THE RECORDS Block Start
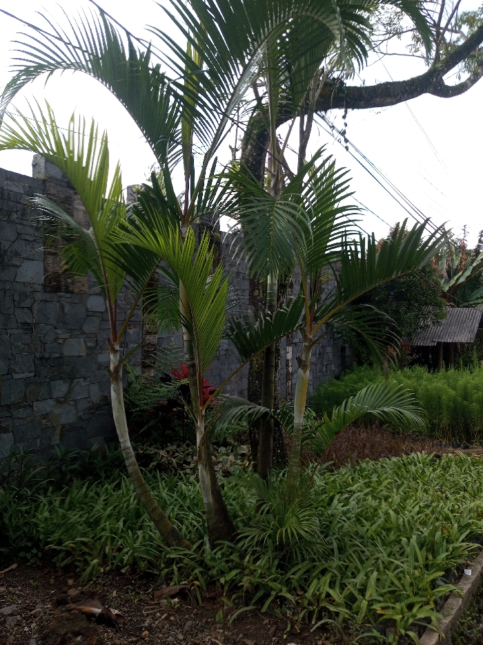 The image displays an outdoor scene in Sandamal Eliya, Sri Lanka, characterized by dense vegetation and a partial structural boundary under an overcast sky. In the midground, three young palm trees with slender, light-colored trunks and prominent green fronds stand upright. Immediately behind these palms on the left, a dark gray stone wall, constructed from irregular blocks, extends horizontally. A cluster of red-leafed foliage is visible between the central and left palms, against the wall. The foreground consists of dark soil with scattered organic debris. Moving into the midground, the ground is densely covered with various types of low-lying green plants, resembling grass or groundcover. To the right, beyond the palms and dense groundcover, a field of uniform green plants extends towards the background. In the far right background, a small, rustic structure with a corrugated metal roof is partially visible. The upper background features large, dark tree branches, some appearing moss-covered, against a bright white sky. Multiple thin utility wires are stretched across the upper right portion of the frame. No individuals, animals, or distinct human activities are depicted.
THE RECORDS Block End
THE RECORDS Block Start
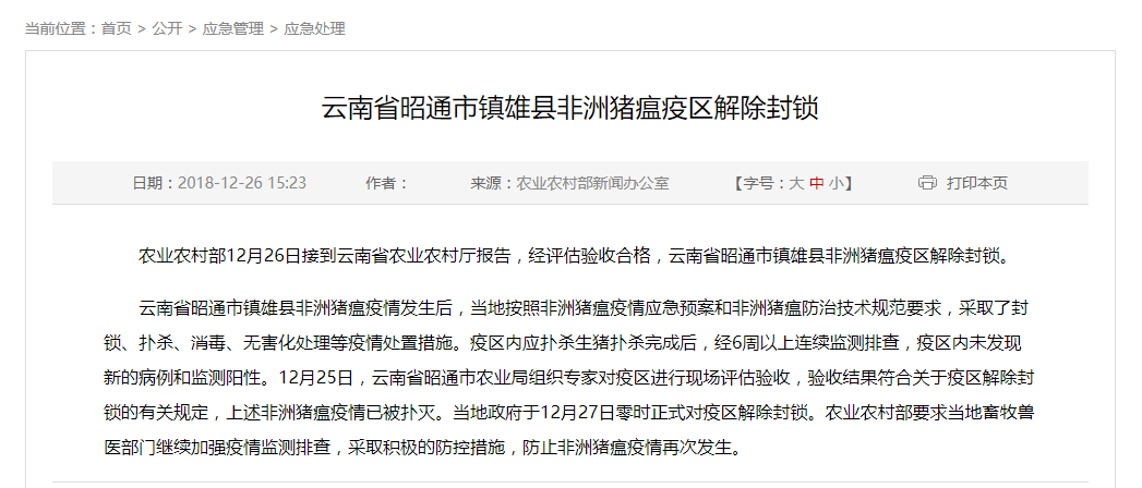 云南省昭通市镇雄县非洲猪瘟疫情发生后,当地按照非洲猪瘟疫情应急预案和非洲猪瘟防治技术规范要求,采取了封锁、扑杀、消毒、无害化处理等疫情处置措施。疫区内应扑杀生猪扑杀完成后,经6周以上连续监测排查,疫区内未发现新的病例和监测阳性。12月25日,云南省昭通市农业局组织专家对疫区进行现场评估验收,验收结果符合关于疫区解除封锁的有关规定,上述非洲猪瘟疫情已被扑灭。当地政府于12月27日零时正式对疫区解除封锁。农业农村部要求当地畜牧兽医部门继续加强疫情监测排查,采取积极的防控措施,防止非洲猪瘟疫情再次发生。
THE RECORDS Block End
THE RECORDS Block Start
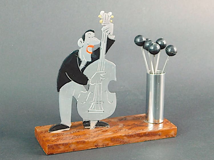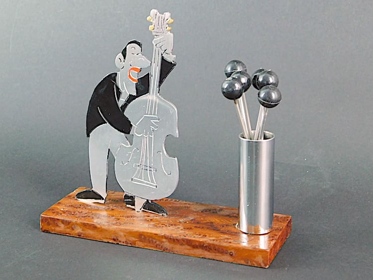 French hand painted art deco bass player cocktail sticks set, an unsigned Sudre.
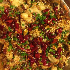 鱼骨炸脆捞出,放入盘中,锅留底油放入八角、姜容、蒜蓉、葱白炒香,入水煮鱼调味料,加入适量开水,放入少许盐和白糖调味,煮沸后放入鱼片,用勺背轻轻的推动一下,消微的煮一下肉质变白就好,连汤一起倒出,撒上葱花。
THE RECORDS Block End
■ ASSIGNED TASK: In the entries above, find the line containing "French hand painted" and the line containing "鱼骨炸脆捞出,放入盘中,锅留", then copy both and every line between them exactly, without any picture.

■ TASK OUTPUT:
 French hand painted art deco bass player cocktail sticks set, an unsigned Sudre.
 鱼骨炸脆捞出,放入盘中,锅留底油放入八角、姜容、蒜蓉、葱白炒香,入水煮鱼调味料,加入适量开水,放入少许盐和白糖调味,煮沸后放入鱼片,用勺背轻轻的推动一下,消微的煮一下肉质变白就好,连汤一起倒出,撒上葱花。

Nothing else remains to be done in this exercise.